Your objective: Print out all of the records exactly; no picture belongs in the result.

Stored data
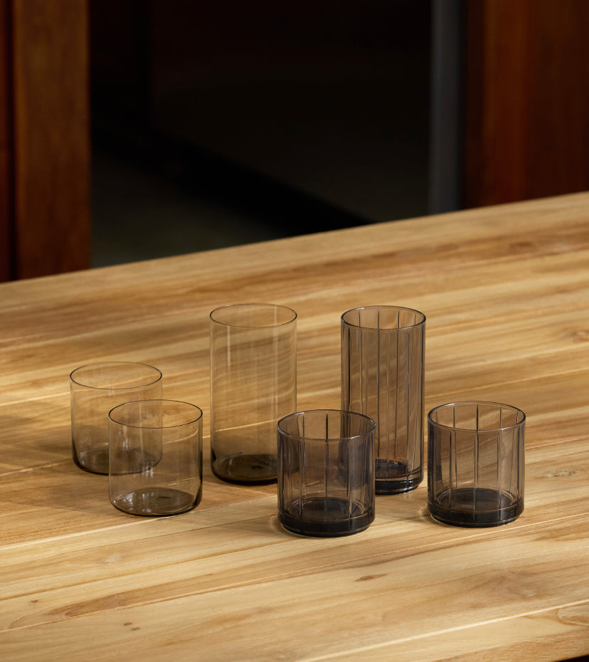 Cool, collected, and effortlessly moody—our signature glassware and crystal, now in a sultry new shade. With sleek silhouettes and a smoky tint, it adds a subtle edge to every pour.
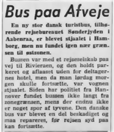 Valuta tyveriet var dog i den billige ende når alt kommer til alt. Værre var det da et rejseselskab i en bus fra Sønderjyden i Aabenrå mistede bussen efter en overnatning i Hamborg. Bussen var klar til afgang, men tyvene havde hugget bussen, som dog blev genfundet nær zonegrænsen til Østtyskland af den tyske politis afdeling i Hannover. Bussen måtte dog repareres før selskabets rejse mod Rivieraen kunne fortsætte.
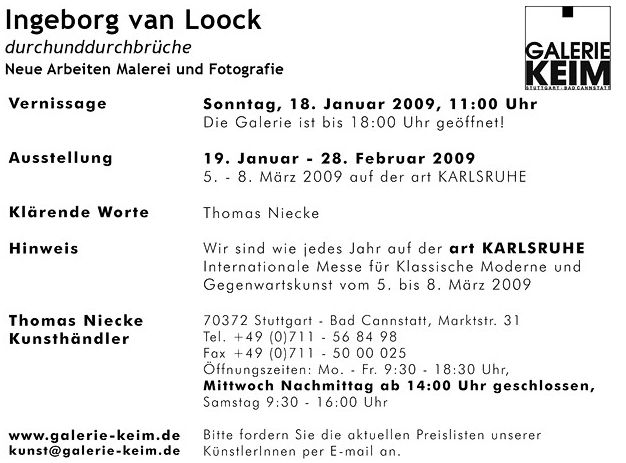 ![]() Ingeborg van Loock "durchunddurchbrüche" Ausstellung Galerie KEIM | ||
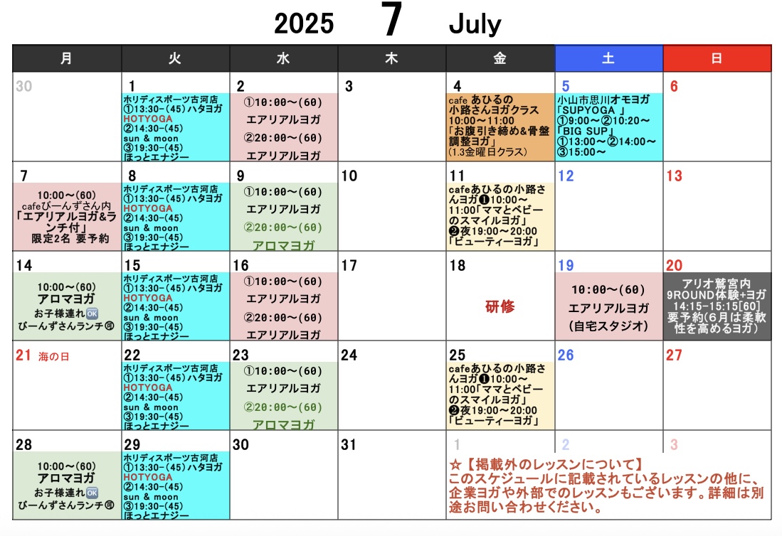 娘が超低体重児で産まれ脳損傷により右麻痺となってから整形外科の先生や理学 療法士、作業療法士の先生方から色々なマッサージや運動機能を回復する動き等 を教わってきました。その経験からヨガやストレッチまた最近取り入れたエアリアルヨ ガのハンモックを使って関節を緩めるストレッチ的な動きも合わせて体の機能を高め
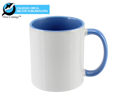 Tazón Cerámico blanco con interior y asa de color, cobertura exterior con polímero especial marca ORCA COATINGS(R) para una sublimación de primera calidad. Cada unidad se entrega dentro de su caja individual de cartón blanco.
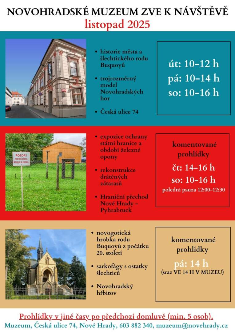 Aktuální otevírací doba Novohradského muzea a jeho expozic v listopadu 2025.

Solution to the exercise:
 Cool, collected, and effortlessly moody—our signature glassware and crystal, now in a sultry new shade. With sleek silhouettes and a smoky tint, it adds a subtle edge to every pour.
 Valuta tyveriet var dog i den billige ende når alt kommer til alt. Værre var det da et rejseselskab i en bus fra Sønderjyden i Aabenrå mistede bussen efter en overnatning i Hamborg. Bussen var klar til afgang, men tyvene havde hugget bussen, som dog blev genfundet nær zonegrænsen til Østtyskland af den tyske politis afdeling i Hannover. Bussen måtte dog repareres før selskabets rejse mod Rivieraen kunne fortsætte.
 ![]() Ingeborg van Loock "durchunddurchbrüche" Ausstellung Galerie KEIM | ||
 娘が超低体重児で産まれ脳損傷により右麻痺となってから整形外科の先生や理学 療法士、作業療法士の先生方から色々なマッサージや運動機能を回復する動き等 を教わってきました。その経験からヨガやストレッチまた最近取り入れたエアリアルヨ ガのハンモックを使って関節を緩めるストレッチ的な動きも合わせて体の機能を高め
 Tazón Cerámico blanco con interior y asa de color, cobertura exterior con polímero especial marca ORCA COATINGS(R) para una sublimación de primera calidad. Cada unidad se entrega dentro de su caja individual de cartón blanco.
 Aktuální otevírací doba Novohradského muzea a jeho expozic v listopadu 2025.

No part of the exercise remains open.